Избранные произведения. Том 2
Шрифт:
Таковы внешние данные пребывания Никитина в семинарии. Бытовая же и психологическая сторона этого времени отлично изображена самим поэтом в «Дневнике семинариста». Извлекать из него какие-либо сведения для непосредственного переноса в биографию не представляется возможным, ибо все-таки это не автобиография, а неоконченное художественное произведение, написанное к тому же с определенной тенденцией: обратить внимание общества на уродливость семинарской жизни. Но как фон для сухих резолюций семинарских ведомостей о «безуспешности» и «нехождении в класс» Никитина эти картины подходят как нельзя лучше.
Только одну
Ко времени пребывания Ивана Никитина в семинарии относится тот первый могущественный взрыв творческих сил, который решает судьбы людей и определяет им место в историческом процессе.
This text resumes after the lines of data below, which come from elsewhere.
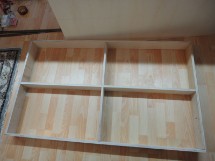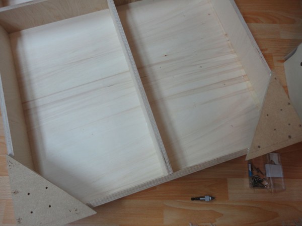 Die Rahmen der bisherigen 6 Segmente bestehen aus Multiplexbrettern in der Höhe von 10cm und einer Stärke von 1,5cm. Die Deckplatte besteht aus 6mm starkem Pappelsperrholz. Alle Holzteile wurden miteinander verleimt und verschraubt; die außenliegenden Schraubenlöcher wurden zudem leicht angesenkt, damit die Schraubenköpfe nicht hervorstehen.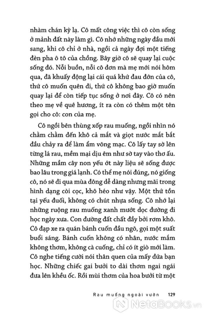 Một tác phẩm với đề tài chất chứa nhiều suy tư mà vẫn tươi sáng, hồn hậu bởi tất cả được nhìn qua lăng kính của thứ tình cảm bền vững: tình thân và tình quê. Cái hay của tác giả là dù không có từ ngữ cụ thể nào nhắc đến quê hương, nhân vật nào cũng sinh sống ở một vùng đất xa xôi nào đó vậy mà tình yêu quê hương vẫn quyện chặt đâu đó giữa những khoảng lặng của từng câu chữ.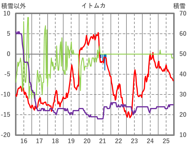 | 日 | 時 | 気温 | 降水 | 風向/風速 | 日照 | 積雪 | 降雪 |

В Иване Никитине этот стремительный рост ринулся по двум направлениям: в сторону сознания себя как поэта, во-первых, и как западника, во-вторых. Было кое-что в атмосфере Воронежской семинарии, что особенно благоприятствовало первому. На почве живых еще воспоминаний о Серебрянском и Кольцове среди семинаристов развился повышенный интерес к литературным занятиям. Никитин скоро приобрел название семинарского литератора, семинарского поэта среди товарищей, а от проф. Чехова, которому показал первое свое стихотворение, получил поощрение и совет продолжать свои опыты.
Первоначальному периоду поэтического развития Никитина, по-видимому, нельзя отказать в известной гармоничности. Сосредоточенность, присущая его натуре, оказала ему тут первую и лучшую свою услугу. Благоприятный хор товарищей удовлетворял его самолюбие и давал его творчеству реакцию, необходимую для всякого развития. Конечно, ни одной песни этого времени не дошло до нас. Но сквозь отрывочные и неполные сведения смутно реет прекрасный отроческий облик тогдашнего Никитина, освещаемый такими драгоценными, хоть и малыми, фактами, дошедшими до нас, как следующее: играл на гуслях, бродил с ружьем в окрестностях…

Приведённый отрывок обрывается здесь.